In July 2024, he made his ATP Challenger Tour debut with a wildcard into the main draw of the Zug Open. He upset Juan Pablo Varillas the second round, making him the first player born in 2007 or later to reach the quarterfinals of a Challenger tournament. Later that year, he made his ATP Tour doubles debut as a wildcard into the doubles main draw of the Swiss Indoors with compatriot Jérôme Kym. They defeated Alejandro Tabilo and Nicolás Jarry in the first round. In singles, he reached the second round of the qualifying competition as a wildcard with a win over Fabio Fognini, but lost to Kym in the second round.

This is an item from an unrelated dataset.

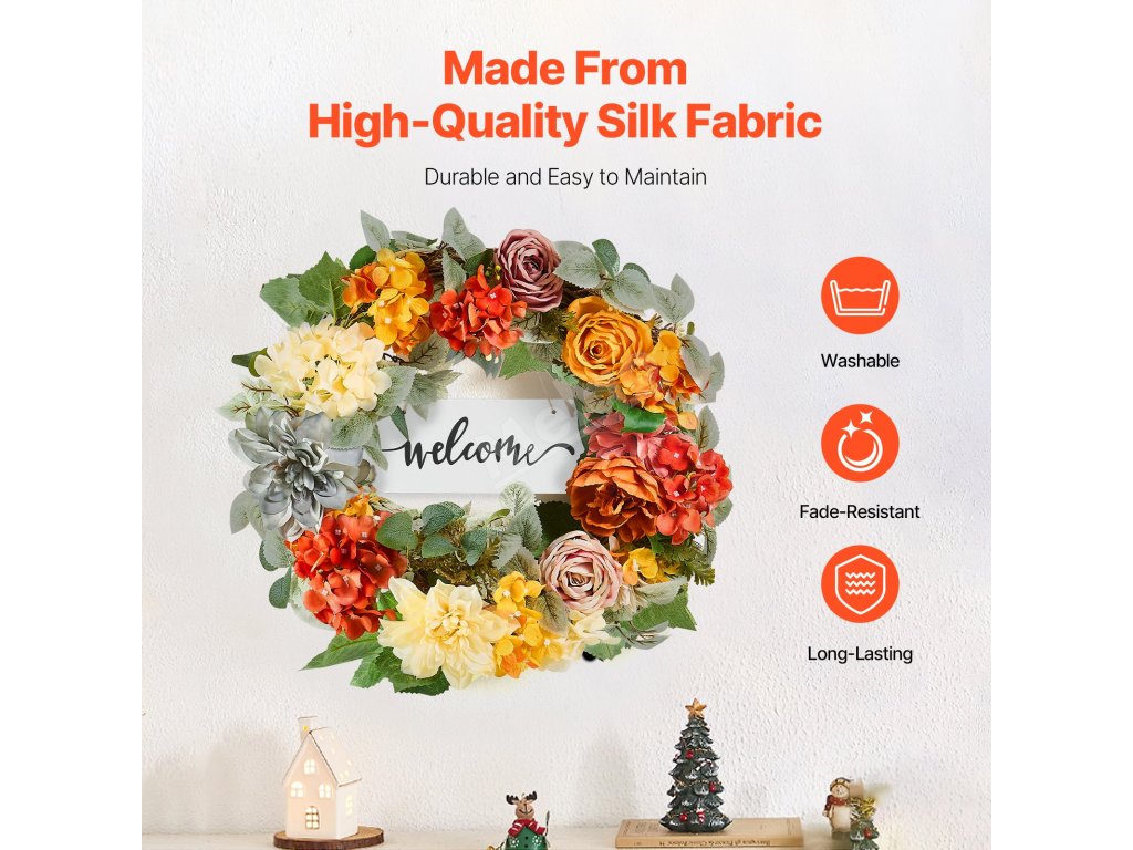 Povrch tohto venca na vchodové dvere, ktorý je vyrobený z vysokokvalitnej hodvábnej tkaniny, je hladký a odolný voči prachu, čím si zachováva žiarivé farby bez toho, aby časom vybledli. Možno ho jemne utrieť vlhkou handričkou alebo vyprať, takže je vhodný na dlhodobú dekoráciu v rôznych prostrediach.

In early 2025, Bernet ended his coaching relationship with Kai Stentenbach and hired Sven Swinnen as his coach. Severin Lüthi also works with him in an advisory capacity. Later that year, ranked No. 481, he made his ATP Tour singles debut with a wildcard into the main draw of the Swiss Indoors in Basel, but lost in the first round to Jakub Menšík.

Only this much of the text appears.